In short: Hamas can censor to its heart’s content, but Israel can never get it right. If Israel admits journalists under protection, that’s censorship. If Israel were to let journalists into the area unprotected and something happened to them, Israel would get the blame. Incidentally, information does occasionally come out of Gaza that Hamas doesn’t want out — strangely enough, many media outlets ignore precisely that information.

Empathy for the Oppressors

It boils down to this: all these media outlets and organisations heroically champion journalists who have Hamas’s stamp of approval, while ignoring what this ‘reporting’ actually means for the people of Gaza. As Ahmed Fouad Alkhatib — a Palestinian dissident who fled the Strip — puts it: these ‘journalists’ do not speak for the people of Gaza — they help the oppressor.

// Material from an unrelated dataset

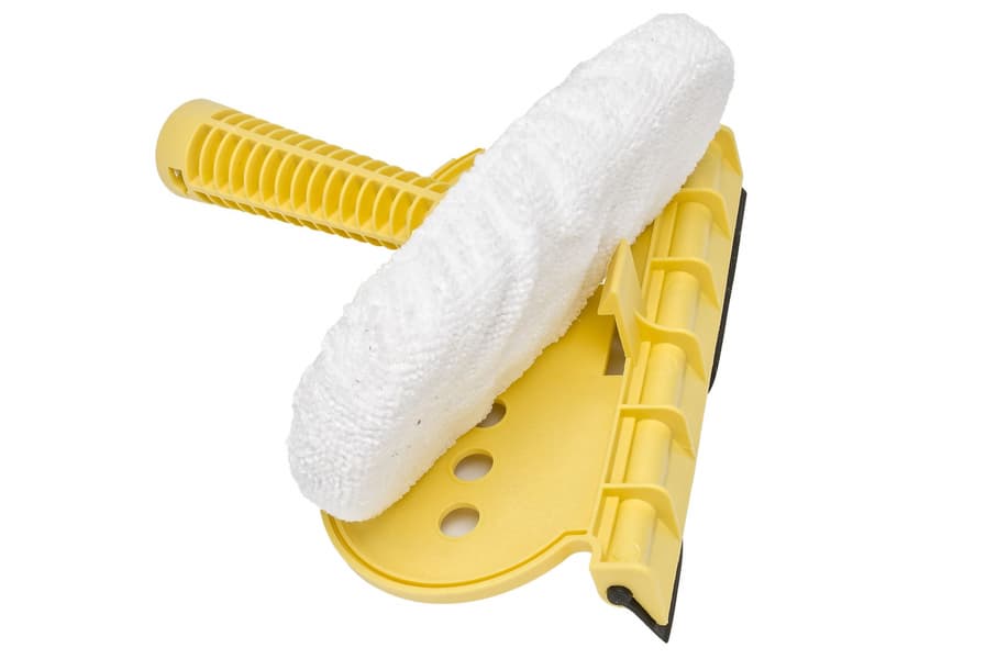 К комплекту насадок также прилагается мини‑швабра для отпаривания и насадка для мытья стекол и зеркал. На фото они представлены в разобранном виде: слева — мини‑швабра, справа — насадка для стекол и зеркал.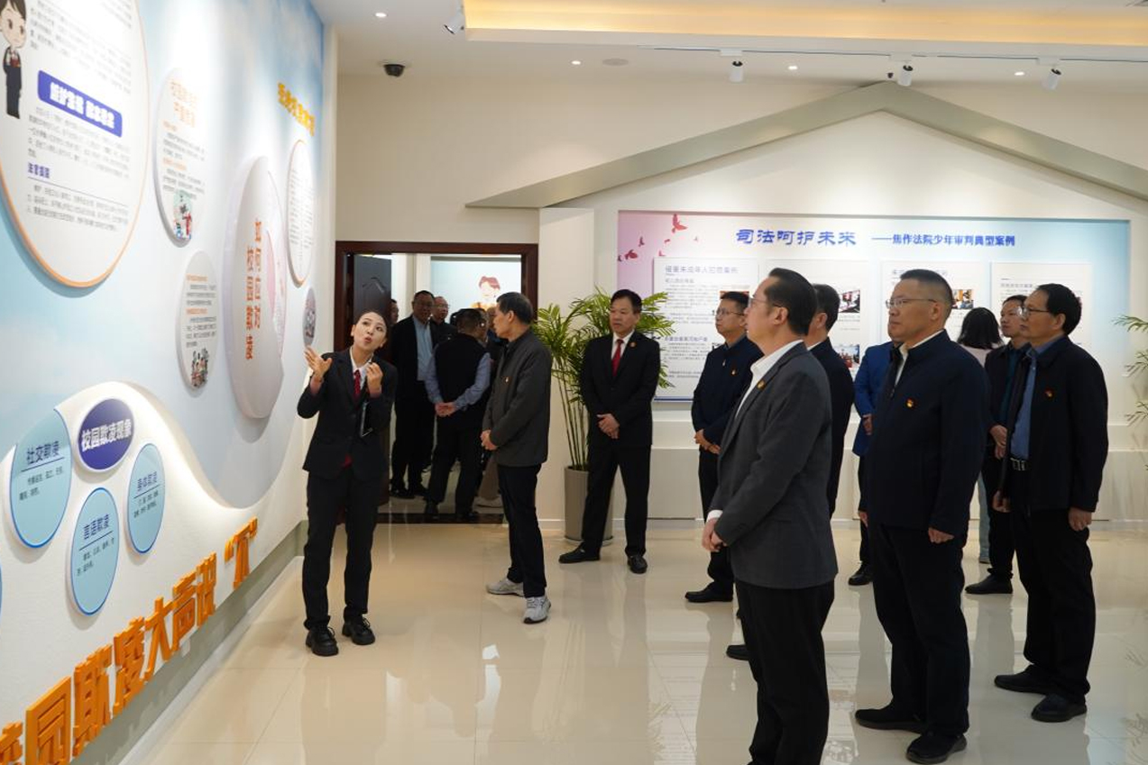 此次研学以“实地观摩+现场交流研讨”的方式进行。中心组成员聚焦习近平法治思想、党的建设等主题,沉浸式、体验式参观了宪法文化广场、“法护未来”青少年保护基地、党建文化长廊、荣誉室、图书室和法治文化馆,并在党员活动室举行重温入党誓词活动。通过边看边听、边学边议,党委理论学习中心组成员和法院的同志们一起领会习近平法治思想的内涵实质,探讨高质量党建引领高质量发展的重要意义和在本单位的实践途径,剖析违纪违法典型案例,达到了直抵心灵的廉政警示教育效果。

Normally I just link to a tweet like this, but in this case I took a screenshot of the entire post. Read what this dissident wrote, and consider what Western media are doing to the people of Gaza by elevating propagandists who daily sacrifice the blood of ordinary Gazans on the altar of ’the resistance’.

And isn’t this always the tragedy of the Palestinians? Few people are genuinely interested in them. There were no mass demonstrations when tens of thousands of Palestinians died in Syria. There were no accusations of ‘apartheid’ against neighbouring countries that denied them civil rights and discriminated against them severely. Palestinian suffering only receives attention when Israel can be blamed for it.

Uprising in Gaza

The supposed empathy of our media for Gaza and for these journalists is nauseating. It is not empathy — at best it’s the promotion of a fashionable narrative, at worst it’s thinly veiled hatred of Israel. And if anything reveals that, it’s the instant evaporation of interest the moment Gazans rise up against their own oppressors. That was clear again in March 2025.

Footage emerged from Gaza of large-scale demonstrations against Hamas. The protests weren’t confined to a single neighbourhood or city; people took to the streets all across the Strip. They chanted slogans against Hamas, and against Al Jazeera — every bit as much a Hamas mouthpiece. I gathered the footage and went looking for coverage of it.

Only the Telegraaf reported on it. Otherwise, dead silence. Only after days of protest did a few stories finally trickle in — and how cautiously. Gazans protesting against Hamas? Against Al Jazeera, our ‘quality media’s’ favourite channel? That didn’t fit the narrative. The NOS even suggested that Israel might be behind it…

And now Palestinians are once again calling for an uprising in Gaza — an uprising against the oppressors. Will the ‘brave’ citizen journalists in Gaza — heroes of the Dutch children’s news — report on it? Don’t count on it. Will Hamas crush it violently? Count on that.

In October 2025, the whole world still knew Hamas had to disarm. That was a core element of the ceasefire. Now it seems to have been forgotten already. Our media are once again trotting along obediently behind Hamas propaganda and railing against Israel whenever it takes action against terrorists.

It doesn’t matter how much evidence Israel produces.

When it comes to the truth, the Dutch media blackout never ends.